Lećcie jak najszybciej na zastrzyk i napisz po powrocie jak się
mały czuje. Trzymam kciuki :ok: :ok:

Można wiedzieć jaki Ludwik dostał zastrzyk?Mi u weta powiedzieli że wapno w kroplówce dają w takich sytuacjach.Dwa razy w ciągu dwóch tygodni osa użarła Bejbi w łapkę,która spuchła,i kotka osowiała po tym była.Żadnych innych objawów nie było.Mnie nastraszyli że głowa spuchnąć może,ale nic u Bejbi takiego nie było.

Re: Ugryzienie osy w nos

PostNapisane: Pon sie 29, 2011 18:48
przez gabi.cezar
niestety nie znam nazwy zastrzyku :( , wiem, że miał na celu powstrzymanie
ewentualnej reakcji alergicznej. byłam tak spanikowana, że nie była dla mnie wtedy ważna
nazwa, tylko, to co może się stać z Ludkiem 8O (poryczałam się w gabinecie :oops:
też miałam go obserwować czy nie puchnie mu głowa, ale nic takiego nie wystąpiło :ok: .
pani wet opowiedziała mi wtedy, że wcześniej miała pieska, którego osa ugryzła w język
i właśnie jemu spuchła głowa :( .

Re: Ugryzienie osy w nos

PostNapisane: Pon sie 29, 2011 19:03
przez PcimOlki
Hydrokortyzon.

Re: Ugryzienie osy w nos

PostNapisane: Pon sie 29, 2011 19:07
przez gabi.cezar
PcimOlki pisze:Hydrokortyzon.


Dzięki.

Re: Ugryzienie osy w nos

PostNapisane: Pon sie 29, 2011 21:26
przez vailet
PcimOlki pisze:Hydrokortyzon.

:ok: PcimOlki dziękuję,dobrze wiedzieć :wink: choć Bejbi już teraz się boi os,to nigdy nie wiadomo.

Re: Ugryzienie osy w nos

PostNapisane: Pon sie 29, 2011 21:43
przez PcimOlki
vailet pisze:
PcimOlki pisze:Hydrokortyzon.

:ok: PcimOlki dziękuję,dobrze wiedzieć :wink: choć Bejbi już teraz się boi os,to nigdy nie wiadomo.

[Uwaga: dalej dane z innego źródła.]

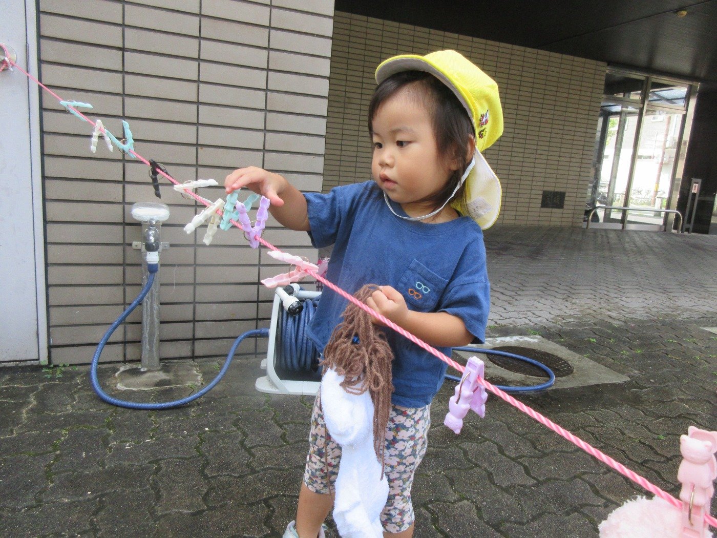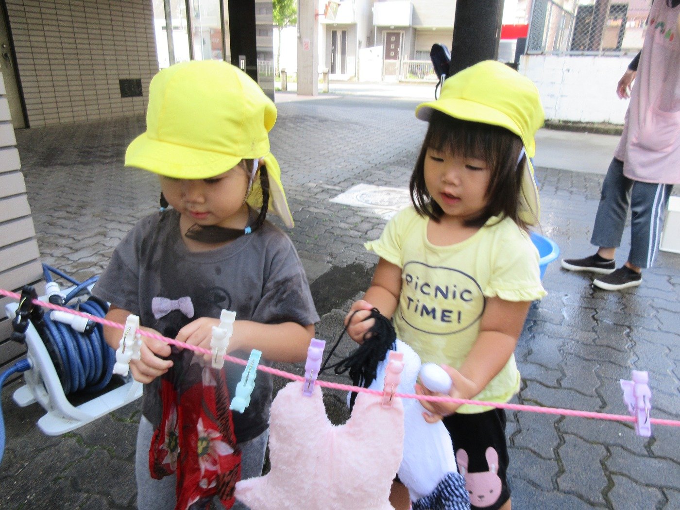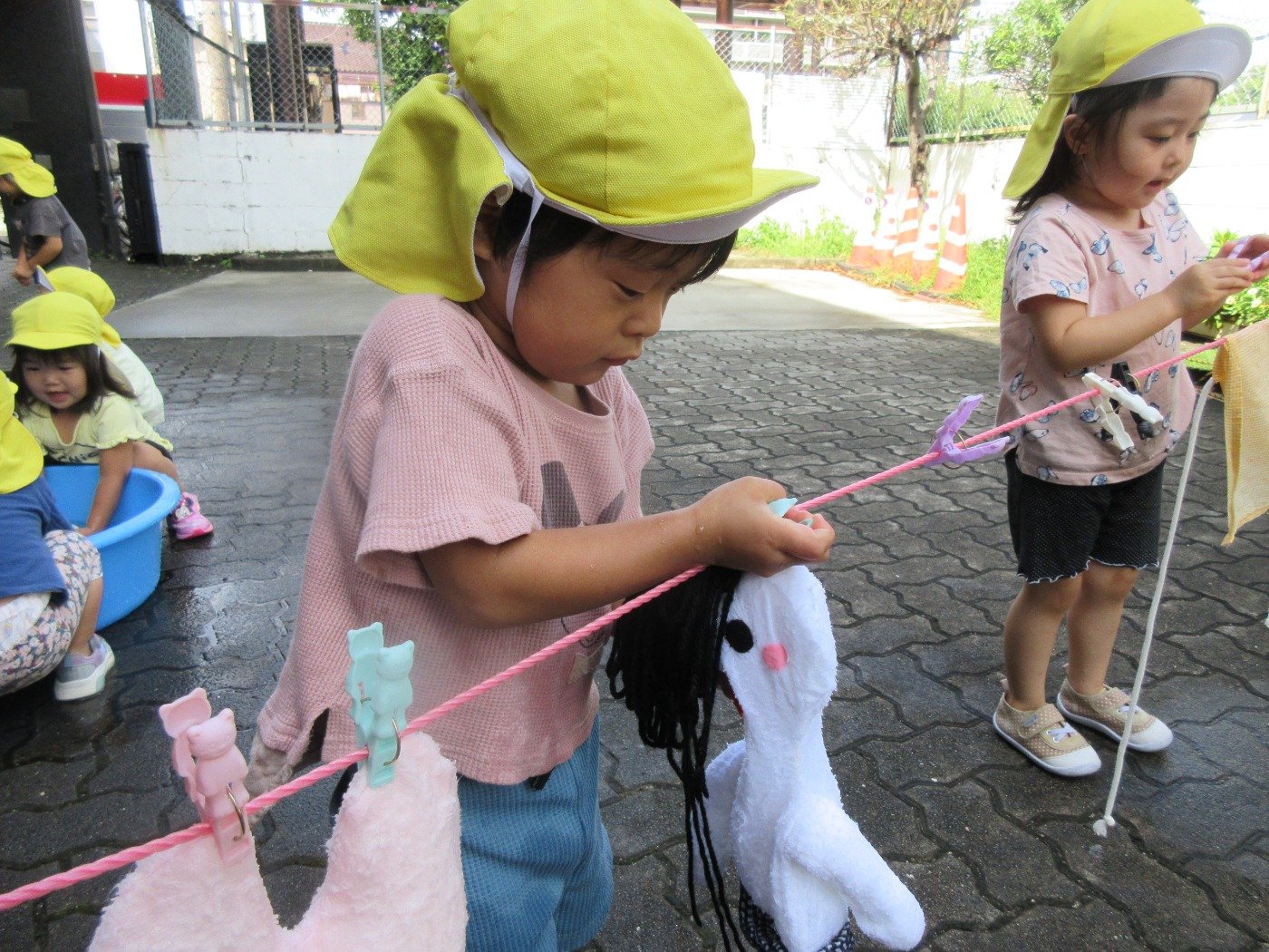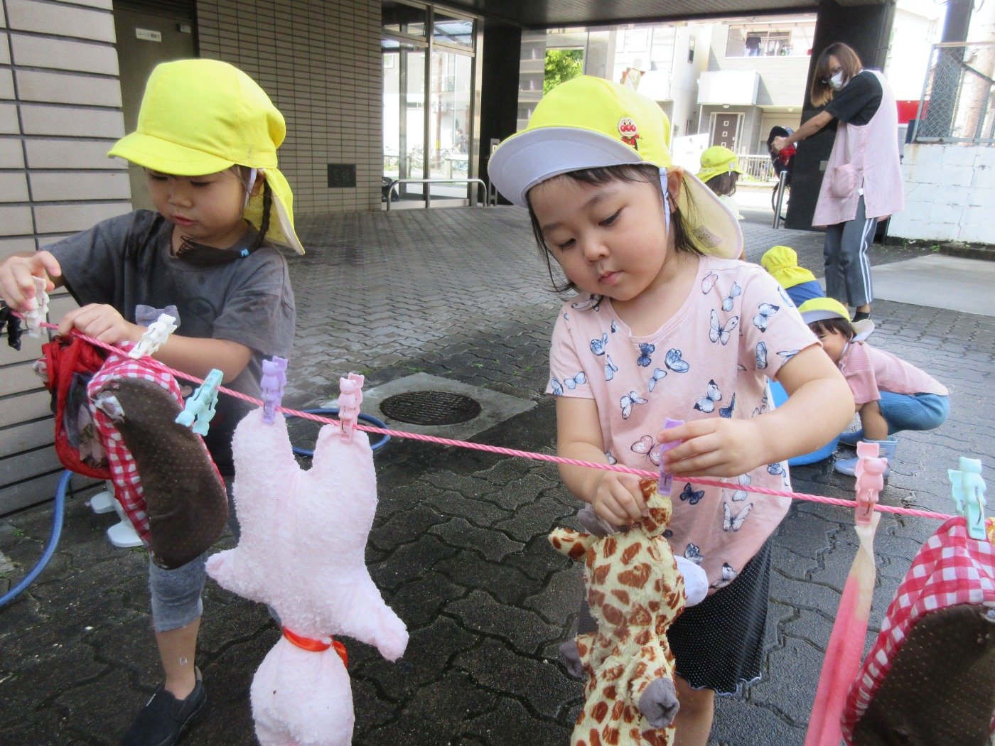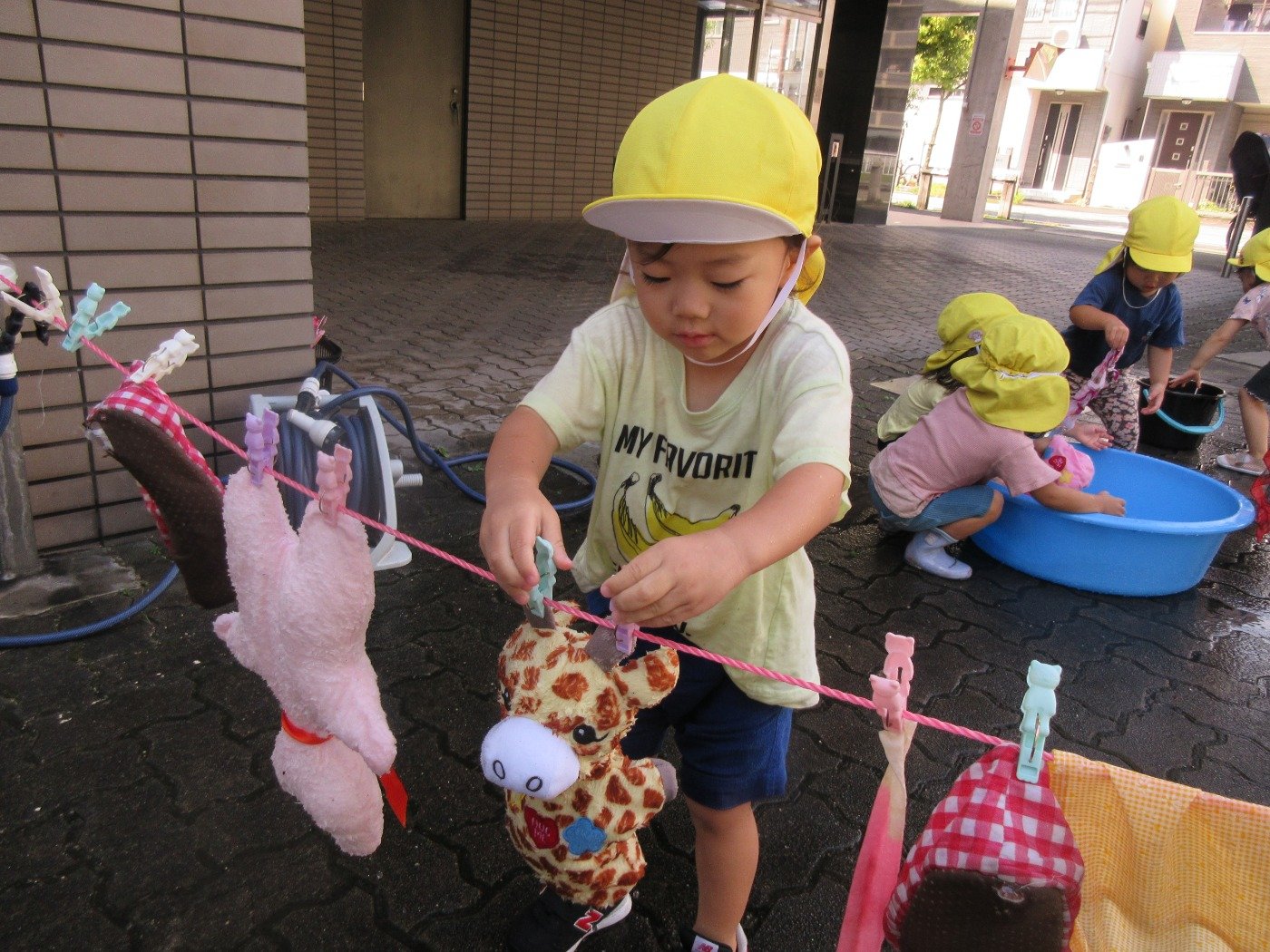 夏日だった9月の初旬、くま組さんは、お洗濯ごっこをしました。
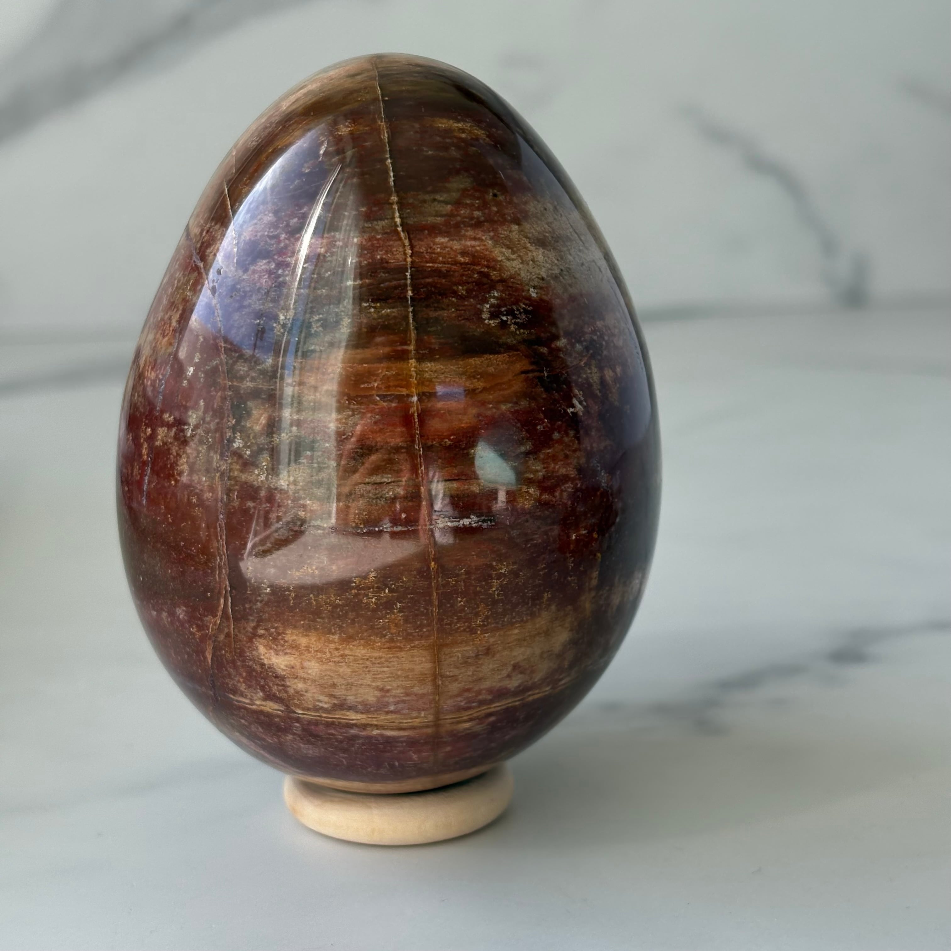 ペトリファイドウッド(珪化木)の卵型カービングです。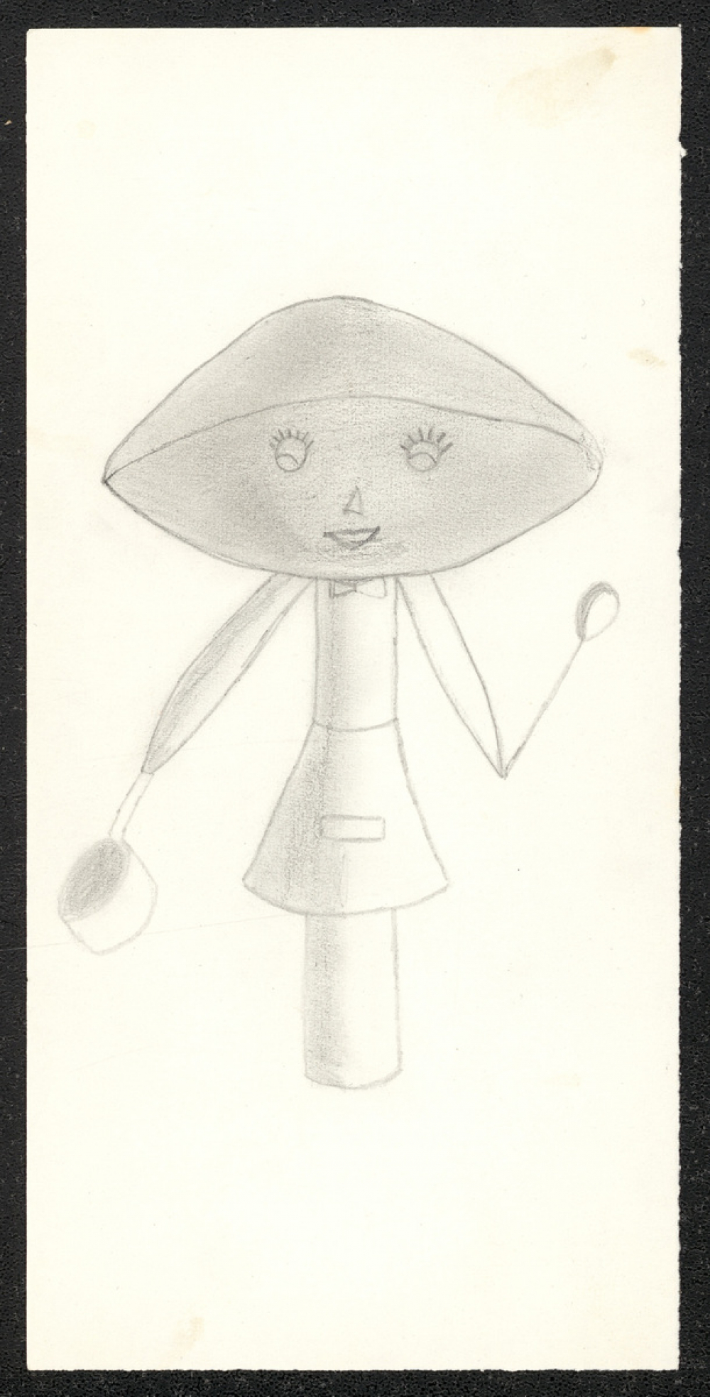 Représentations : femme imaginaire / Représentation d'une femme ayant un corps cylindrique et une tête elliptique, portant une jupe, un nœud papillon, et tenant une casserole dans sa main droite et une cuillère dans la main gauche.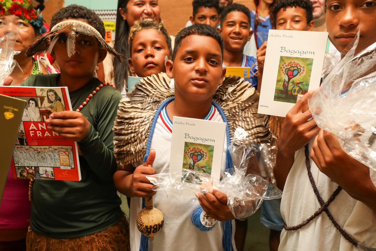 Cada escola recebeu 380 exemplares de gêneros e temas variados, contemplando desde obras clássicas até literatura contemporânea. Îã Gwarini Tupinambá, professora de Artes, Identidade e Cultura e Tupi, do Colégio Estadual Indígena, ressaltou a importância do contato com os livros físicos. “O nosso colégio sempre trabalhou muito a questão da oralidade. Mas, com o passar dos anos, identificamos que a gente também precisa do letramento e os livros de literatura ajudam muito com isso. Nós falamos muito que, hoje em dia, o nosso arco e a nossa flecha são a caneta e o papel, pois até para lutar temos que ter uma boa escrita e leitura. A literatura tem ajudado muito a desenvolver os pensamentos e o raciocínio lógico dos nossos alunos. Então, esses livros chegaram em um bom momento e serão muito utilizados por eles”, pontuou a professora.
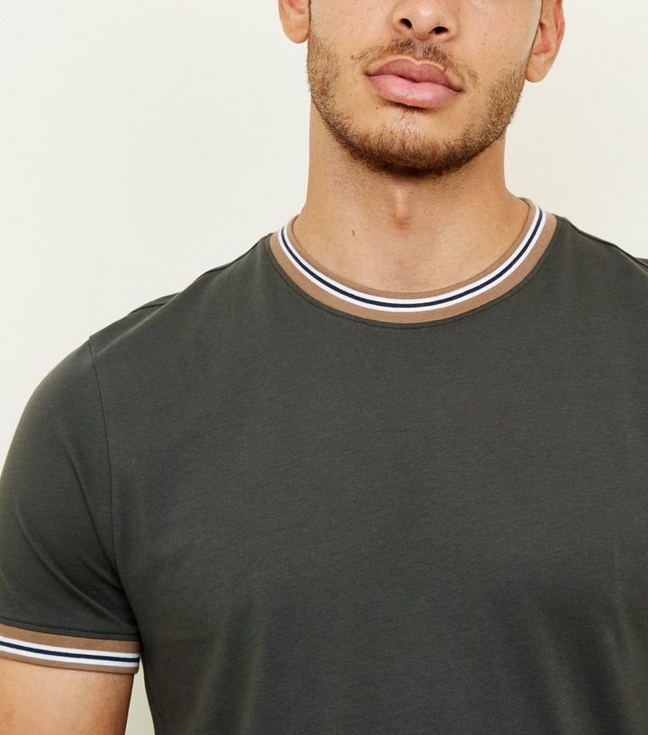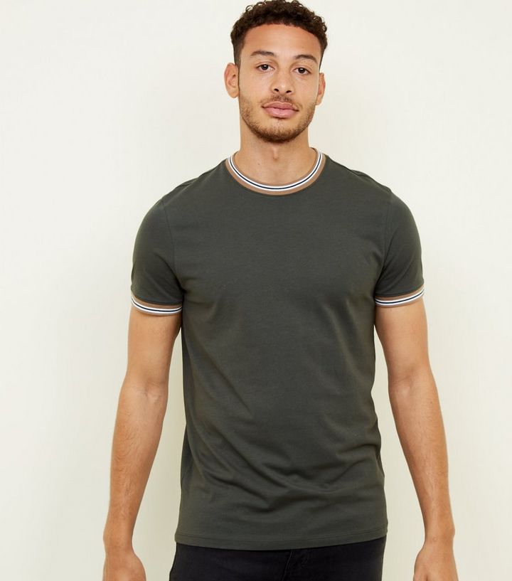 Dunkelgrunes T Shirt Mit Abgesetztem Saum New Look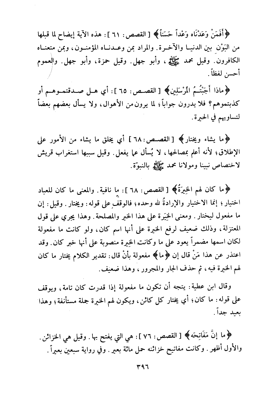 وقد اعتذر عن هذا مَنْ قال إن (ما) مفعولة بأنْ قال: تقدير الكلام يختار ما كان لهم (الخِيَرة) فيه، ثم حذف الجار والمجرور، وهذا ضعيف.
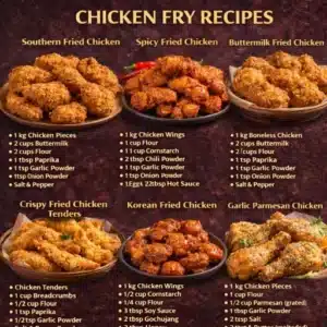 1. Southern Fried Chicken Ingredients• 1 kg Chicken Pieces• 2 cups Buttermilk• 2 cups Flour• 1 tbsp Paprika• 1 tsp …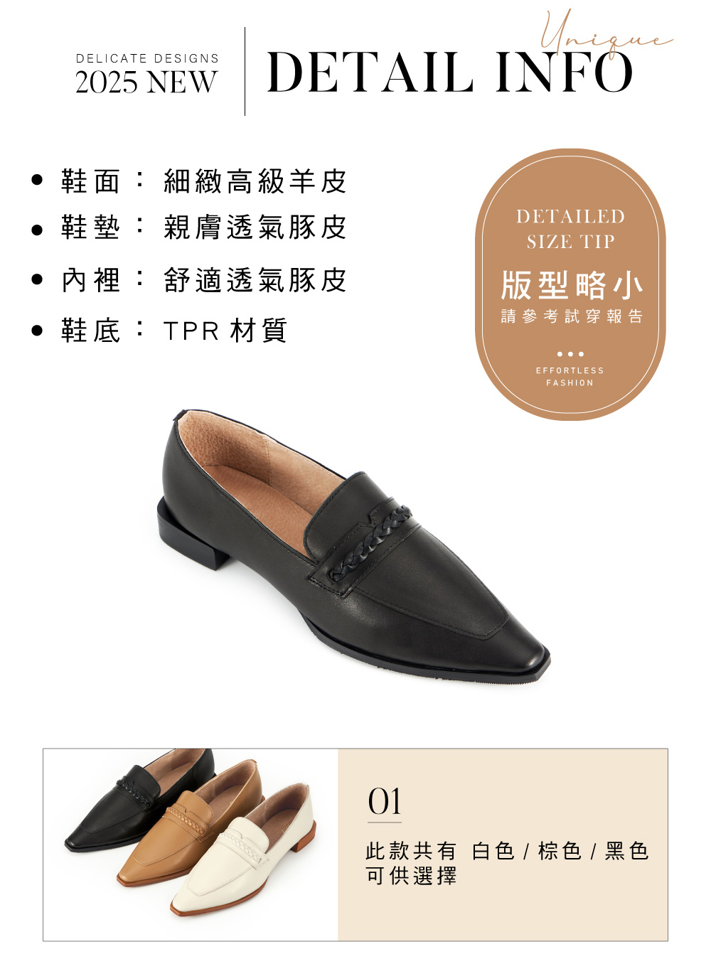 │此款共有 白色/棕色/黑色 可供選擇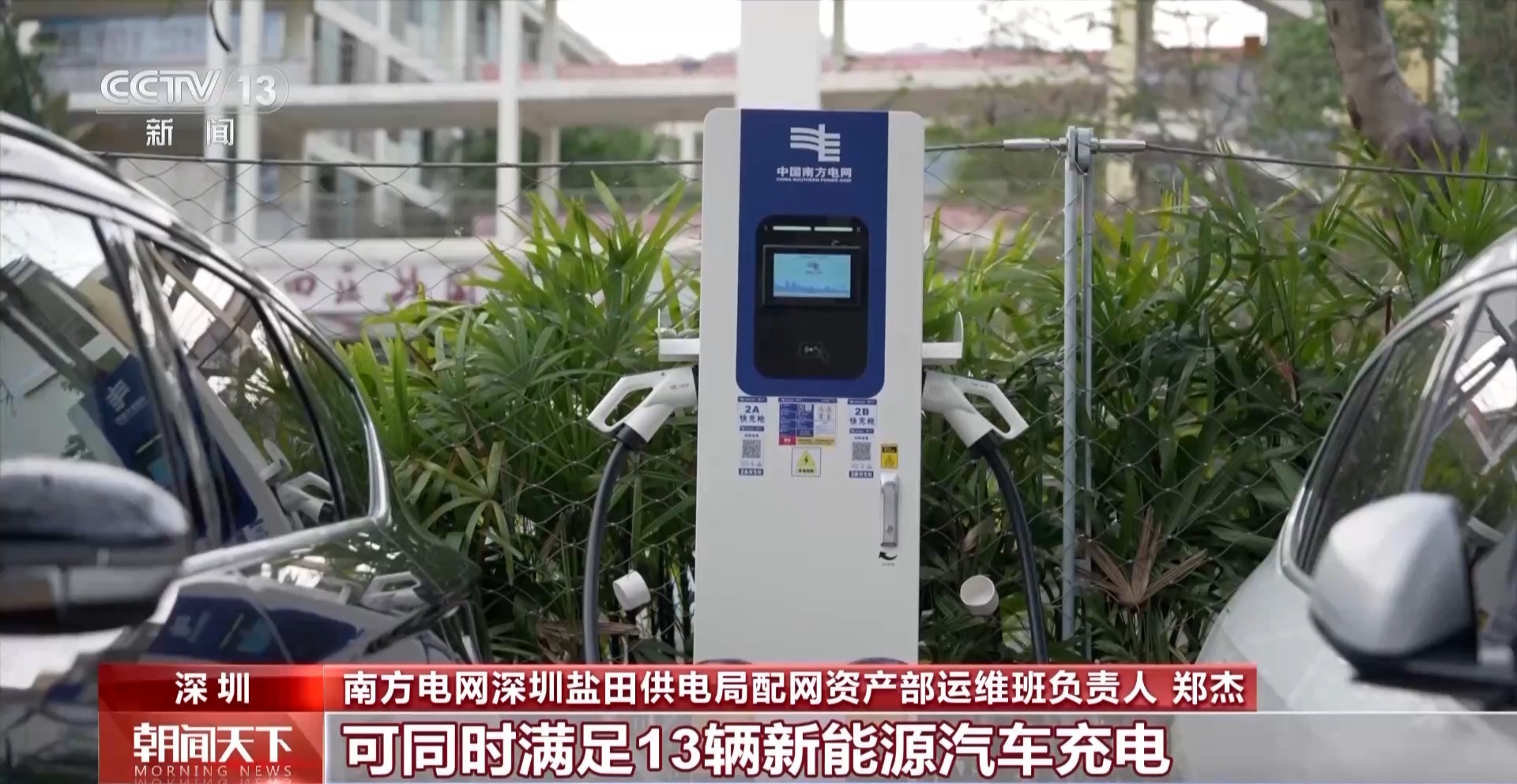 南方电网深圳盐田供电局配网资产部运维班负责人 郑杰:园区内还配备快充、慢充、V2G(汽车对电网)等充电桩,可同时满足13辆新能源汽车充电。

Zwykle osa kota gryzie zero lub jeden raz w życiu.
Następnym już się nie udaje. :lol:

Re: Ugryzienie osy w nos

PostNapisane: Pon sie 29, 2011 23:07
przez vailet
PcimOlki pisze:
vailet pisze:
PcimOlki pisze:Hydrokortyzon.

:ok: PcimOlki dziękuję,dobrze wiedzieć :wink: choć Bejbi już teraz się boi os,to nigdy nie wiadomo.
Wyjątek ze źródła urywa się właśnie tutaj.